Dans l’axillaire, les glandes sudoripares peuvent également être excisées chirurgicalement ou enlevées par curetage par aspiration. Le Dr Streit a lui-même étudié l’effet du curetage par aspiration sur 27 patients. “J’ai ainsi pu constater qu’il était possible d’obtenir un bon effet à court terme, mais pas à long terme”. C’est pourquoi il n’utilise plus que rarement cette technique. La sympathectomie thoracique consiste à sectionner complètement les ganglions lymphatiques limitrophes qui alimentent les glandes sudoripares, à les coaguler ou à les clamper à l’aide d’un clip métallique. “Le taux de complications chirurgicales est faible, mais une hyperhidrose compensatoire survient pratiquement dans 100% des cas, et elle est pertinente dans environ 50% des cas”, a clairement indiqué le Dr Streit. Hornberg et al. ont proposé un plan de traitement gradué pour l’hyperhidrose focale en fonction de sa localisation (axillaire, palmaire/plantaire ou front/tête) [9]. Les anticholinergiques tels que le sulfate d’atropine inhibent l’action de l’acétylcholine en bloquant son récepteur. “Le problème avec les anticholinergiques est qu’ils agissent également sur d’autres glandes, comme les glandes salivaires et lacrymales. Cela entraîne des effets secondaires tels qu’une bouche sèche ou des troubles de la vision. D’après mon expérience, environ 50% des patients ne supportent pas un traitement anticholinergique et ne montrent aucun effet. Il faut tester cela individuellement”. Les substances actives sur le système sympathique telles que la clonidine ou la moxonidine sont généralement mieux tolérées que les anticholinergiques. Le Dr Streit a résumé : “Nous pouvons donc agir à de nombreux endroits pour influencer la transpiration excessive. Dans ce contexte, la condition la plus importante pour la thérapie est d’identifier le modèle de transpiration de chaque patient”.

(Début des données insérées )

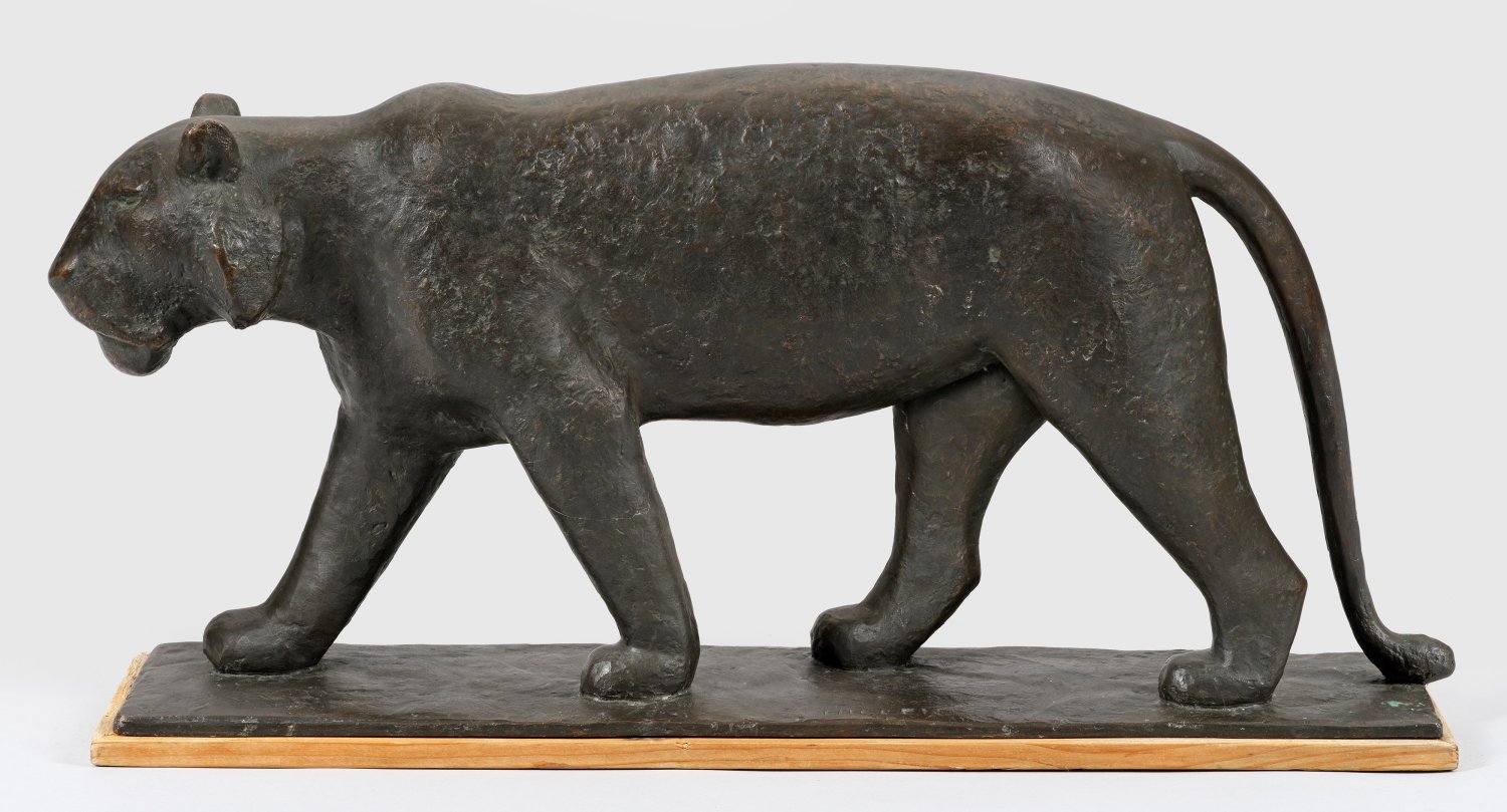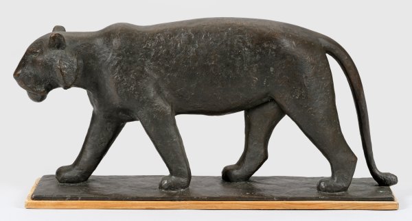 Bronze, dunkel patiniert. Sign.; Auf das Wesentliche reduzierte, von Fritz Behn beeinflusste Tierplastik Hillers. Hiller erhielt eine gründliche künstlerisch-bildhauerische Ausbildung: er studierte nach einer Holzbildhauerlehre 1913-1923 an der Münchener Akademie bei Hermann Hahn (unterbrochen vom I. Weltkrieg), zudem bildete sich Hiller in den Ateliers von Fritz Behn, Wilhelm Nida-Rümelin, Josef Flossmann und Karl Killer. Hiller wurde Mitglied der "Münchener Secession", arbeitete seit 1923 freischaffend, 1926 führte ihn ein Studienaufenthalt nach Paris. Kurz danach erschien im Jahr 1928 in der Zeitschrift "Der Kunstwart (S. 278) ein Artikel über Hiller, in der er "als einer der hoffnungsvollsten jüngeren Bildhauer" gelobt wird, dem "ein sicheres Gefühl für den Stoff" eigen sei. In der Zeit des Nationalsozialismus beteiligte sich Hiller 1933 an der Ersten Staatlichen Kunstausstellung in München, 1938, 1940 und 1941 war er mit insgesamt fünf Arbeiten auf der Großen Deutschen Kunstausstellung in München vertreten. 1946-1961 lehrte er als Professor für Bildhauerei an der Akademie für Bildende Künste in München. Neben Toni Stadler und Heinrich Kirchner war Hiller der wichtigste Vertreter der Münchner Bildhauerschule im dritten Viertel des 20. Jhs.; Von 1952 bis 1960 war Hiller Vorstandsmitglied im Deutschen Künstlerbund. 1961 ernannte man Hiller zum Ehrenmitglied der Münchener Akademie, 1962 war er Ehrengast der Deutschen Akademie der Villa Massimo in Rom. 1973 fand eine große Retrospektive in der Städtischen Galerie im Lenbachhaus in München statt. 27 cm x 59 cm x 11,8 cm.

Source : 2nd Swiss Derma Day, Lucerne, 24 janvier 2013
Littérature :
- Geier J, et al. : Der Hautarzt 2011 ; 62 : 751-756.
- Mose AP, et al. : Contact Dermatitis 2012 ; 67 : 293-297.
- Lundov MD, et al : Contact Dermatitis 2011 ; 64 : 330-336.
- Lundov MD, et al : Br J Dermatol 2011 ; 165 : 1178-1182.
- Strutton DR, et al : J Am Acad Dermatol 2004 ; 51 : 241-248.
- AWMF S1-Leitlinie : Définition et traitement de l’hyperhidrose primaire. Disponible sur www.awmf.org/leitlinien.html
- Swartling C, et al : Eur J Neurol 2001 ; 8 : 247-252.
- Streker M, et al : Hautarzt 2010 ; 61 : 139-144.
- Hornberger J, et al : J Am Acad Dermatol 2004 ; 51 : 274-286.